Toni Bergins:And then the act of this bulimia, which is so common now, and we look at it as like an eating disorder, and I actually think of it as an emotional disorder more than an eating disorder, and I actually think of it as an emotional disorder more than an eating disorder. I think of it as this is an emotional purge. It's a way of letting all the emotions leave and then being flooded with a positive you know, parasympathetic response. So we become addicted to the cycle of the purge. So it's different from the way people see eating disorders. For me, it wasn't about you know fat or thin or whatever the proper words are for saying, you know overweight or healthy or all the things that we're talking about now, because there's so much you know, there's so much material around that is anything healthy or unhealthy anymore in terms of you know all the different size stuff. But it was more about emotional weight, emotional heaviness, emotional not knowing what to do, confusion. So, anyway, I'm giving you a lot of my story at once, but I think that all the upbringing leads us to these different coping mechanisms.
Toni Bergins:And then that was the one I chose. And then, when it was no longer serving me and I felt like I was just destroying myself, I stepped into a state of okay. If I loved myself and truly loved myself and didn't allow all the negative programming to run my life, what would I do? What different behaviors would I choose? And the first one was oh, I have to stop. First of all, I have to stop this, have to stop the this purge cycle. Then I have to stop smoking. I was smoking cigarettes at 16. I was doing all the things. I have to stop drinking, like I mean, I just like everything I did was like anti me.
Toni Bergins:And I realized that, luckily at like 23 and I started on this total spiritual path. Like I'm going to shift, I'm not going to be that person, I'm not going to fall into, you know, abusive cycle for the rest of my life. So that's been my whole goal is to teach people how do you get so into yourself, know yourself so well on a self mastery level, like I hate that word, but it's such a good word so that I say, oh, I'm feeling this feeling in my in my solar plexus. Ooh, I'm nervous, oh, I'm scared. Or I'm excited, or I'm I'm afraid, or, or I'm sad, and I'm not crying. I'm thinking about what I ate today. Like I, I use everything as like.
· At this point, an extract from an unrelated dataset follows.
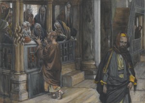 St. Matthew’s divinely‑inspired Gospel account alone tells us about Judas Iscariot’s negotiating with the chief priests the price of thirty pieces of silver for his betraying Jesus to them (Matthew 26:14-16), how that money was later used, and of its fulfilling prophecy (Matthew 27:7-10; confer Acts 1:18-19). St. Matthew refers to prophecy of Jeremiah (perhaps Jeremiah 18:2-12; 19:1‑13; 32:6-9), but Matthew seems to be using a shorthand that includes prophecy and action recorded by Zechariah (Zechariah 11:12-13). French painter and illustrator James Jacques Tissot’s depiction of Judas’s negotiations with the chief priests is reproduced on the front of tonight’s service outline, but no artist’s depiction can do justice to all the context and details of the Gospel account. For example, thirty pieces of silver was the value that Exodus records for the owner of an ox to pay the owner of a slave who was killed by the ox (Exodus 21:32). How do you picture that? Similarly, in Zechariah, thirty pieces of silver come up in connection with people’s severing their relationship with their shepherd. How do you picture that? In New Testament times, the thirty pieces of silver apparently equaled 120 denarii, which might be the pay to a laborer for 120 days of work. How do you picture that?
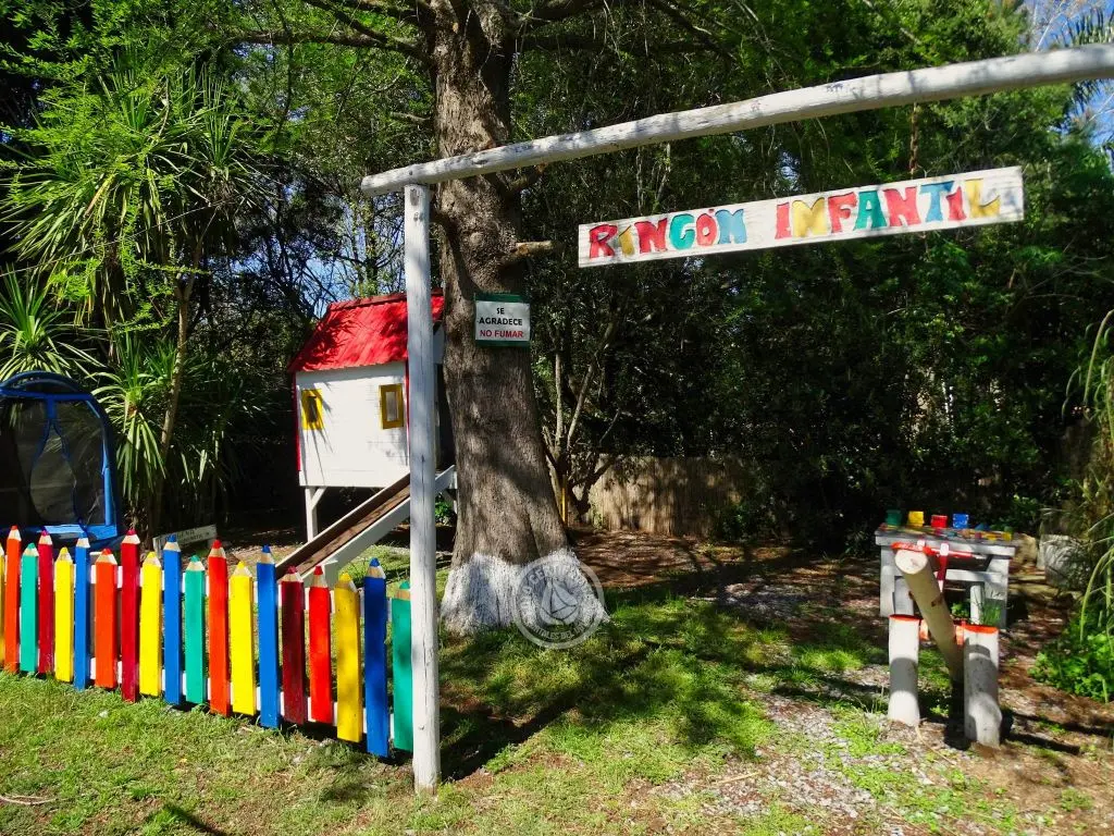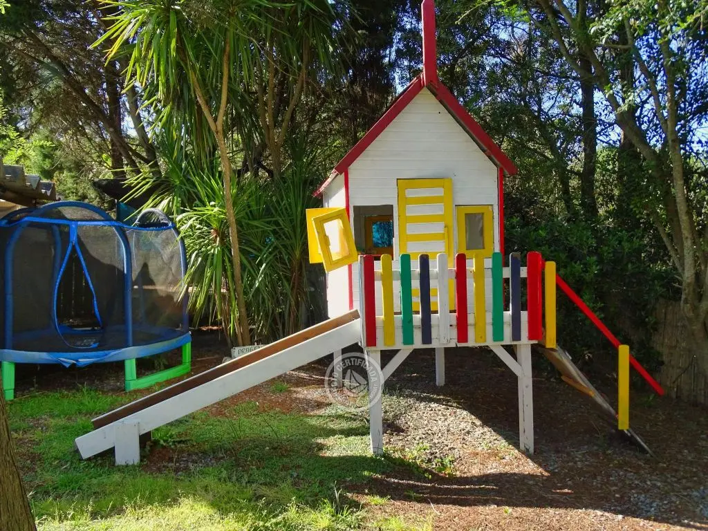 Espacio exterior con juegos (hamacas, subibaja, tobogán, casita de madera, ping-pong)

Toni Bergins:Okay, if I loved myself fully, which I do what would I do next? What would I do next? How would I change my behavior, instead of letting the behavior run my life? Because addiction is that simple you just all of a sudden the cookies in your mouth and it's too late. Now you're having 12, you know whatever it is. So it could be anything from medical you know pills to you know, to all the different available substances that we have. So it's almost like a choice. I drew a line in the sand that this is my choice. I'm going to make this choice, and then, of course, you change your rules as you, as you evolve, right.
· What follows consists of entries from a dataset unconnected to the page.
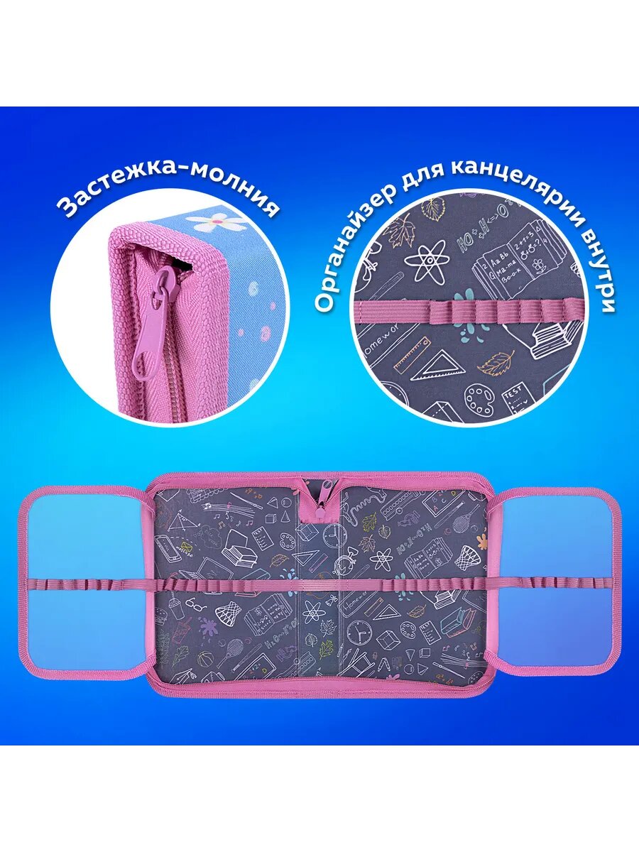 Пенал школьный для девочек для карандашей и ручек с 1 отделением, канцелярия для школы, 2 откидные планки, полиэстер, 20х14, Пифагор Sweet, 272288
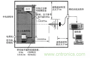 圖4:CISPR25標(biāo)準(zhǔn)要求的輻射發(fā)射測試布置圖
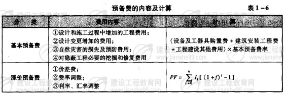 預(yù)備費內(nèi)容及計算(表1-6)
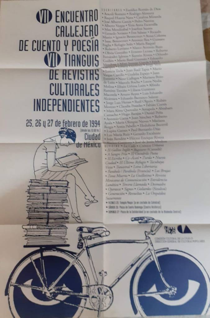 Participa en el VII Encuentro Callejero de Cuento y Poesía, en febrero de 1994, donde lee poesía junto a escritores como José Agustín y Carlos Monsiváis (QEPD, ambos).

Beverley Glazer:You didn't just fall into dance. What you did was you were a teacher first. You were following the yellow brick road. You did what you had to do. You went to college, yeah.
Toni Bergins:And first I was working in New York city as a public relations person. I was like trying to be in the corporate world. Oh, that was really rough for me. I'm just not that person. But I loved the experiment of it. But then, you know, then I became a teacher, which I told, which I did tell you.
Toni Bergins:And then, um, the dance thing was for my own healing purposes. You know, I went to Kripalu Center of Yoga and Health, which is just a Mecca of self-exploration, healing. Um, it's a very popular, uh yoga center for many years and there was a guru then and there were so many pieces to that puzzle that I won't go into right now. But, um, I had an experience that was an epiphany for me, one of those you know catharsis. You know catharsis of coming back, and the way I describe it is coming back into the body Like I had been disassociated for, you know, 23 years.
Beverley Glazer:Right, so let me ask you, okay when did you become, now, a dancer, a professional dancer? You know, you were in New York City when did you discover dance?
Toni Bergins:Yes, Well, I never considered myself a professional dancer, but this you know cause I'm not. I'm a professional dancer, but I'm not a professional dancer, I'm not a bot. I mean I took lots of classes and did all the things, but I couldn't count past 12. I was like I was in the class. I'll never forget it. I was like I found dance at Kripalu. I went to this dance class. I'd always loved to dance. I was a club girl. I mean, I love dance. Dance was my favorite thing in the world and I did aerobics and all that stuff During my bulimia years.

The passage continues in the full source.